• What you have to do
When you reach the line that holds "Moderne Dachgeschosswohnung in", start copying exactly and keep going through the final line of the data, leaving out pictures.

• Data segment
++++++++
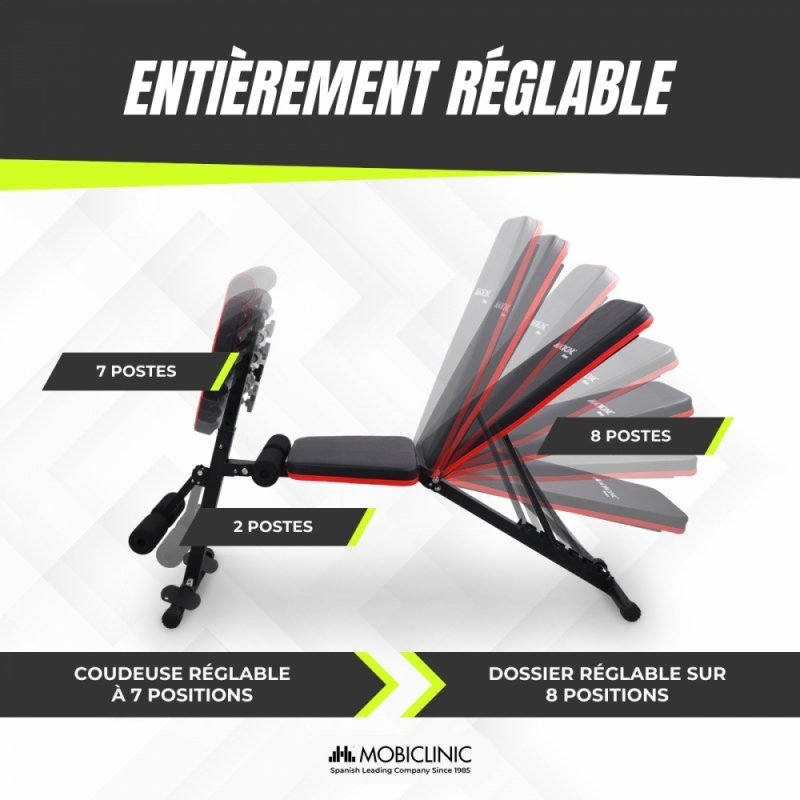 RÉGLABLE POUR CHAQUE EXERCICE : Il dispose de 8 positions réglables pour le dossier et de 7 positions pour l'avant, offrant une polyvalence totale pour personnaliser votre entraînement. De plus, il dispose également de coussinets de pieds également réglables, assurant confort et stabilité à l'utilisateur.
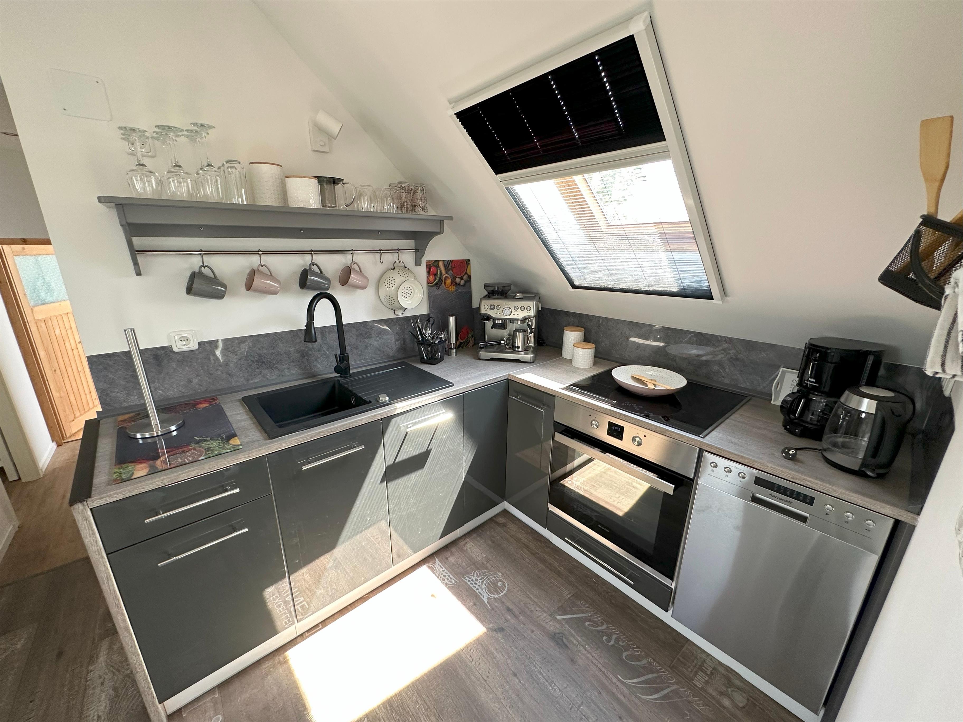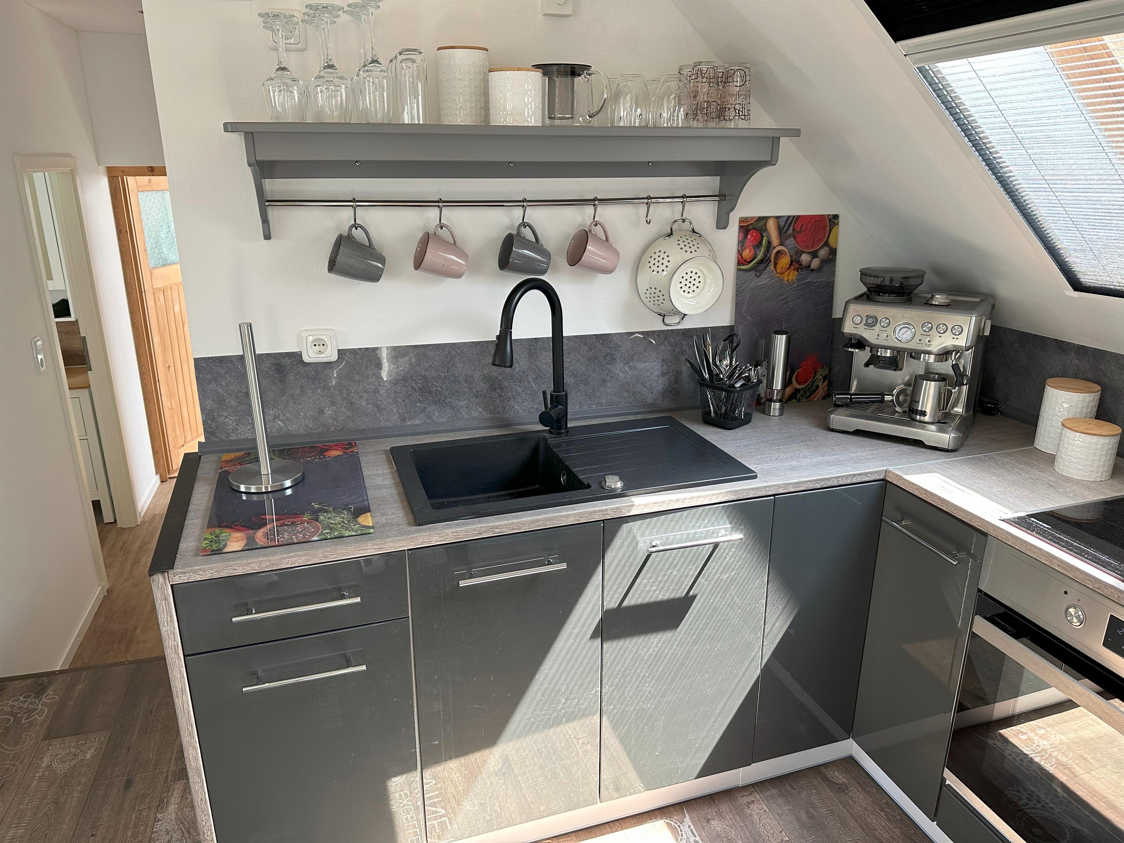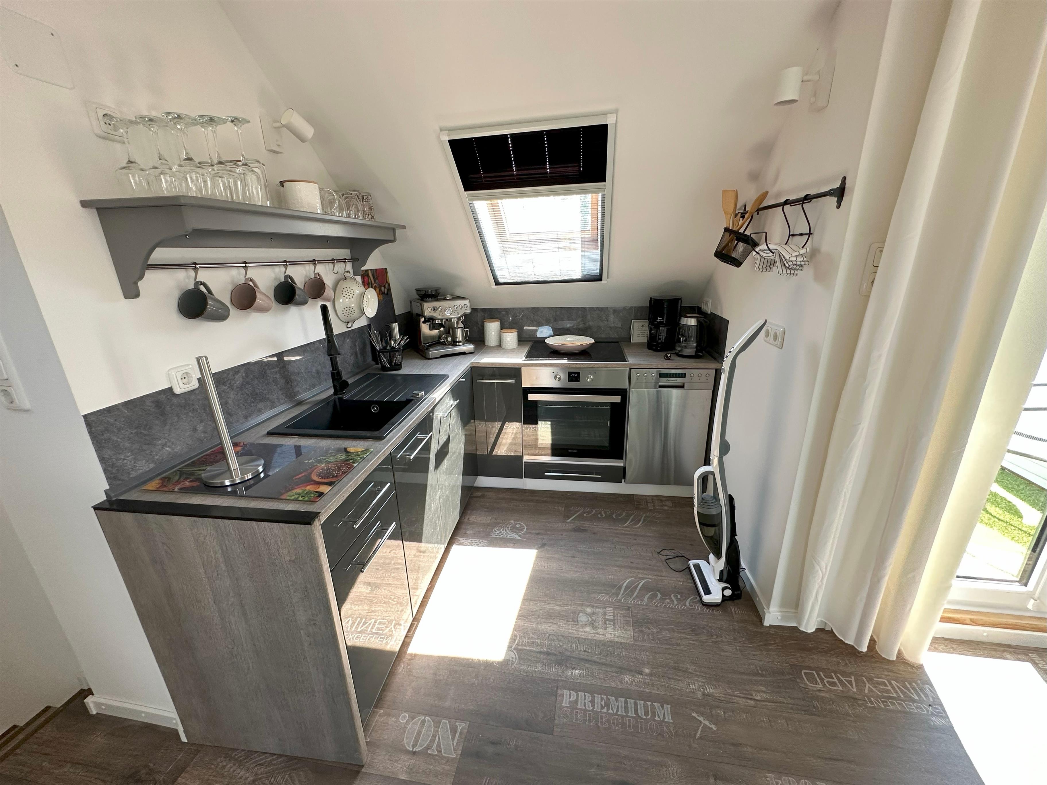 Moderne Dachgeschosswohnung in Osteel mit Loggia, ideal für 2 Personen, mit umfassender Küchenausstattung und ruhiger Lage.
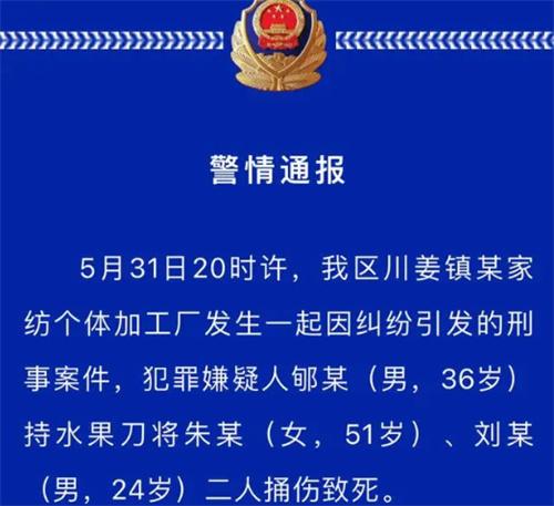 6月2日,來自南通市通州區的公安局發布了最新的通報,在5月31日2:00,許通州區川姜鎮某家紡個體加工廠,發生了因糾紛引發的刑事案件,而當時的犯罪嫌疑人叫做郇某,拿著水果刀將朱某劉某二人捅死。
++++++++
• Expected answer
 Moderne Dachgeschosswohnung in Osteel mit Loggia, ideal für 2 Personen, mit umfassender Küchenausstattung und ruhiger Lage.
 6月2日,來自南通市通州區的公安局發布了最新的通報,在5月31日2:00,許通州區川姜鎮某家紡個體加工廠,發生了因糾紛引發的刑事案件,而當時的犯罪嫌疑人叫做郇某,拿著水果刀將朱某劉某二人捅死。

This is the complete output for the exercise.